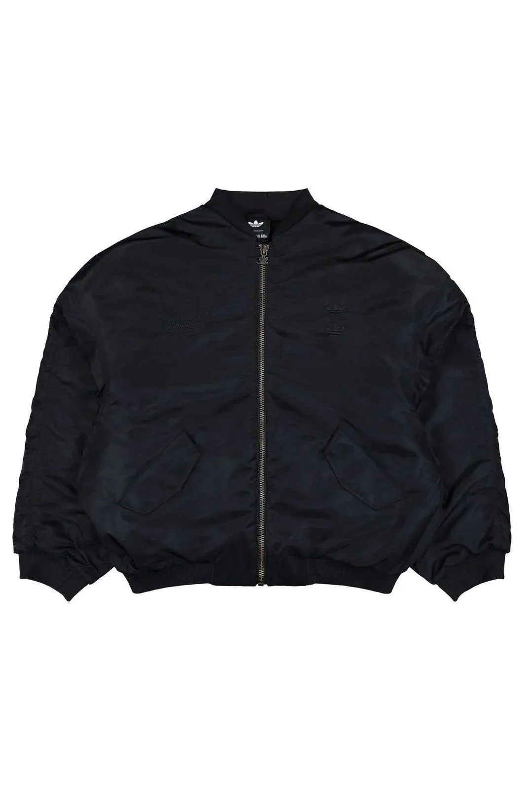 The Willy Chavarria x adidas Satin Bomber Jacket (Black) combines classic bomber style with modern, elevated details, featuring a smooth, satin-like finish and a premium gold zipper for a luxurious, yet street-ready look. The signature adidas striping on the sleeves and the collaborative embroidery enhance the design, creating a bold and refined outerwear piece that embodies the dynamic fusion of fashion and sports. Material: 100% Nylon Color: Black Made in China Sku: KD9361
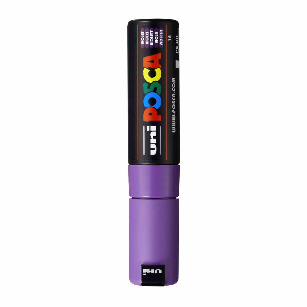 Uni Posca marcador de pintura base al agua 8,0 mm. Violeta.No Tóxico.Solo permanente en superficies porosas. Punta tipo biselada.
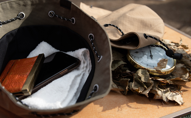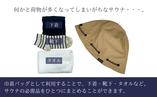 そんな小物類をひとまとめにできるよう、サウナーの必須アイテムであるサウナハットを巾着バックとしても使えるような仕様にしております。
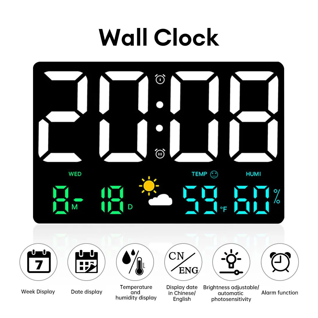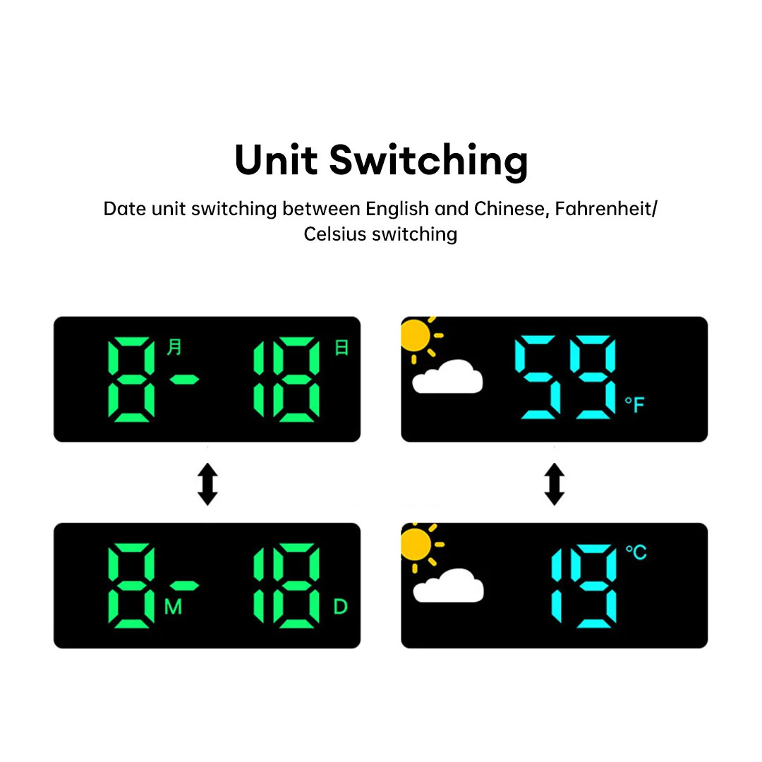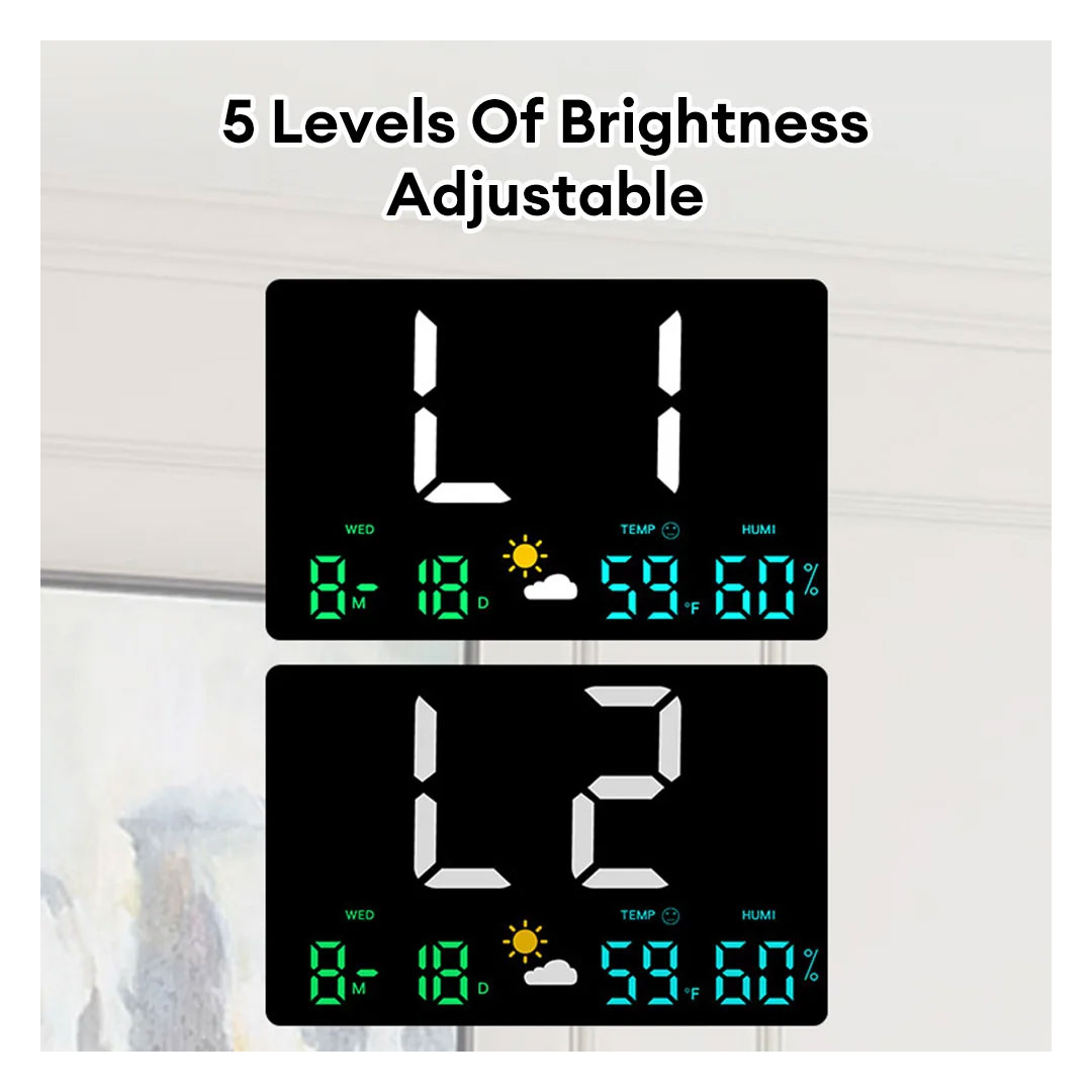 - All Your Info in One Glance: Large time display (white LEDs), current temperature in Fahrenheit or Celsius, humidity percentage, plus day of the week and date. The weather icon gives you instant conditions without checking your phone.

**AIM OF THE TASK**
Return the listing above word for word, with the pictures removed.

**EXERCISE SOLUTION**
 The Willy Chavarria x adidas Satin Bomber Jacket (Black) combines classic bomber style with modern, elevated details, featuring a smooth, satin-like finish and a premium gold zipper for a luxurious, yet street-ready look. The signature adidas striping on the sleeves and the collaborative embroidery enhance the design, creating a bold and refined outerwear piece that embodies the dynamic fusion of fashion and sports. Material: 100% Nylon Color: Black Made in China Sku: KD9361
 Uni Posca marcador de pintura base al agua 8,0 mm. Violeta.No Tóxico.Solo permanente en superficies porosas. Punta tipo biselada.
 そんな小物類をひとまとめにできるよう、サウナーの必須アイテムであるサウナハットを巾着バックとしても使えるような仕様にしております。
 - All Your Info in One Glance: Large time display (white LEDs), current temperature in Fahrenheit or Celsius, humidity percentage, plus day of the week and date. The weather icon gives you instant conditions without checking your phone.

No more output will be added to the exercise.